After you reach a certain age, colonoscopies are a repetitive fact of life. Like every five years, although now Medicare won’t pay for them unless they are ten years apart. Another instance where it pays to be younger.

Before you run for the hills screaming that there is no way you are going to read an article on “that” subject, I will not be writing about what goes on in the physical or medical sense. I will be dealing instead with the “social” aspects of what happens when you (or at least someone like you) are blissfully sleepy-bye.

Really?

Yes, really.

While you may be asleep, those exploring you are talking. Perhaps about you. Very specifically. Maybe more specifically than you would be comfortable with if you were awake.

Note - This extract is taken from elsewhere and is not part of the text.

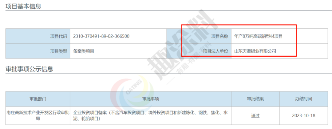 2023年10月13日,山東天衢鋁業(yè)有限公司,年產(chǎn)8萬噸高端鋁型材項目,在棗莊高新技術(shù)產(chǎn)業(yè)開發(fā)區(qū)行政審批局,進行企業(yè)投資項目備案。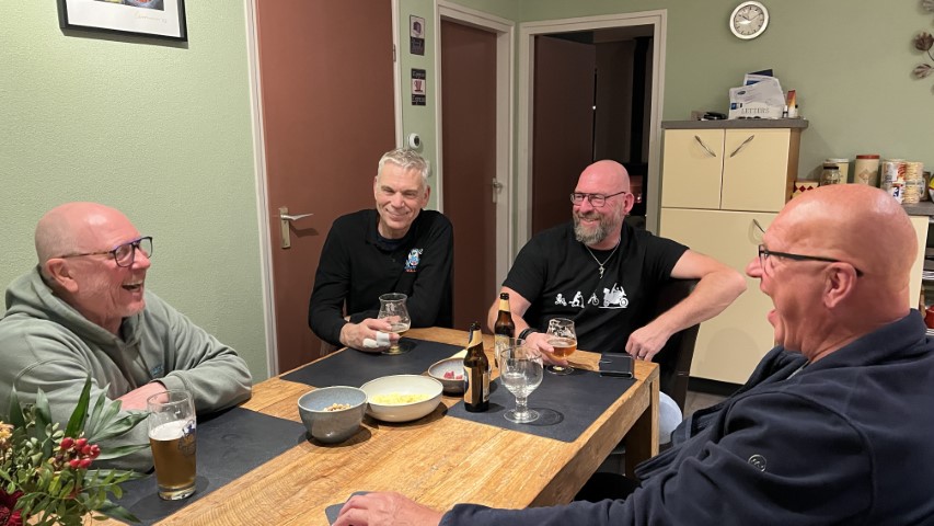 René en Peter schuiven ook aan. Het wordt niet een echte latertje, dus redelijk fris gaan we rond 09.30 uur rijden met Henk

As always, a case in point.

Mr. D. B., who is otherwise anonymous, presented (my one concession to medical terminology) himself for this procedure at a medical suite in Reston, Virginia. Because he knew that his doctor would be giving him post-procedure instructions, which he also believed he would not remember in the afterglow of anesthesia, he hit the record button on his smartphone. He put his phone in the pocket of his pants, which were placed in the basket under the bed on which he was rolled into the operating room.

That act made him a plaintiff and the anesthesiologist, one Tiffany Ingram, a defendant.

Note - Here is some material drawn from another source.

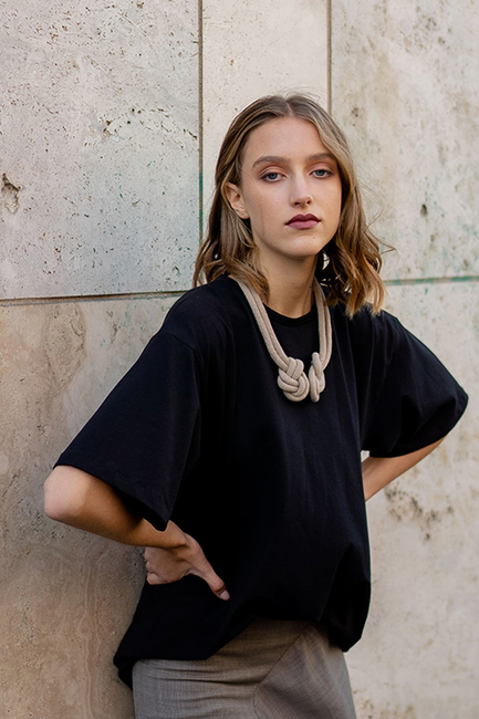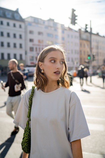 Tip: We use a medium-weight GOTS-certified organic cotton jersey made from 95% cotton and 5% elastane with a weight of 200g/sqm for the oversized T-shirt pattern.

It seems that once Mr. B. went to the land of nod, he, or parts of him, became the subject of uncomplimentary conversation.

“After five minutes of talking to you in pre-op, I wanted to punch you in the face and man you up a little bit,” Ms. Ingram is recorded as saying to the comatose Mr. B. When an assistant saw that Mr. B had a rash, Ms. Ingram warned her not to touch it lest she get “syphilis on your arm.” Apparently reconsidering, she then said, “It’s probably tuberculosis in the penis, so you’ll be all right.”

At one point, they agreed to and did alter the medical records to falsely reflect that Mr. B. had hemorrhoids (thank you, spellcheck), although the motive for that was, at least to me, unclear.

Well, you get the drift, and so did Mr. B. when he played back the recording, hoping to get his doctor’s post-procedure instructions. So he did what every red-blooded man who had been insulted while unconscious would do: he sued for defamation.

And won.

Big time!

$500,000 worth of big time, including punitive damages.

I think it could be said that while he had a medical colonoscopy, the defendants got a financial one.